# Geocaching



## icowden (20 Sep 2021)

Anyone do Geocaches while they are out and about?
I was in Wemouth this weekend (roadie for my Brother in Law who did his first half iron man.) and there is a great bike related one on the sea front (In Plain Sight).

For those who have no idea of what I speak, it's sort of treasure hunting with a GPS.


----------



## Big John (20 Sep 2021)

Did some the other weekend with our 10 year old granddaughter. I'd never heard of it until my daughter told me about it. It was great fun and it gets the kids out into the fresh air even though they ARE using their phones 👍


----------



## AlanW (20 Sep 2021)

I did it a few years ago, great fun and some truly epic finds. Don't know why we stopped to be honest? Good excuse to go to new places and explore the countryside. We used my old Garmin Oregon 450 and to be fair it worked really well 

On the flip side its dam frustrating when you cannot find the cach


----------



## Archie_tect (20 Sep 2021)

What sort of things do people hide for others to find?


----------



## icowden (20 Sep 2021)

Archie_tect said:


> What sort of things do people hide for others to find?

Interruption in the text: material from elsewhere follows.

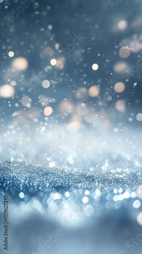A shimmering blue background with soft bokeh lights creating a dreamy, ethereal effect, perfect for various design projects.

It's usually a container. They can be anything from "nano" sized where it is just a log book, right up to ammo boxes or tupperware. Sometimes its just trinkets and tat. You are supposed to put something in if you take something out. People also buy trackbale items (travel bugs) that then get passed from cache to cache in an attempt to travel the country or the world. Occasionally someone will put stuff in that is actually worth having (usually for really hard to find ones). For me, the fun is in the really creative ways that people find to hide caches and the fact that looking for them is a great way of going somewhere you wouldn't otherwise have gone.

For example my wife and I went to Venice about 4 or 5 years ago and followed a geocache trail that led us around all sorts of interesting areas that as tourists we just wouldn't have wandered into.


----------



## chriswoody (20 Sep 2021)

I've found a few here and there, found it a good way to hoodwink the kids into a long walk! 

On a related note, does anyone know why the hell Garmin don't use geo cache software on their bike GPS units? I'd love to be able to use it for geo caching as well as navigation, but only the walking specific ones have the relevant software. (I know the etrex units will do both, but I prefer the more detailed mapping and routing of the Edge units.)


----------



## matticus (20 Sep 2021)

chriswoody said:


> , but only the walking specific ones have the relevant software. (I know the *etrex *units will do both


You know it makes sense Chris. Join us!


----------



## chriswoody (20 Sep 2021)

matticus said:


> You know it makes sense Chris. Join us!



I have seriously pondered it, there is a lot to recommend them and a lot of people do use them successfully. I really need to actually look at one or test one though, because I have quite finicky demands and from what I've read I'm not sure they meet my needs, but I could be wrong.


----------



## numbnuts (20 Sep 2021)

Yes I've got two of my own caches "Yakdiver", not been out for a while, but must pick it up again


----------



## Saluki (20 Sep 2021)

I used to love it but a friend of ours was obsessed and kind of put me off a bit. Everywhere we went it was caching here and there.


----------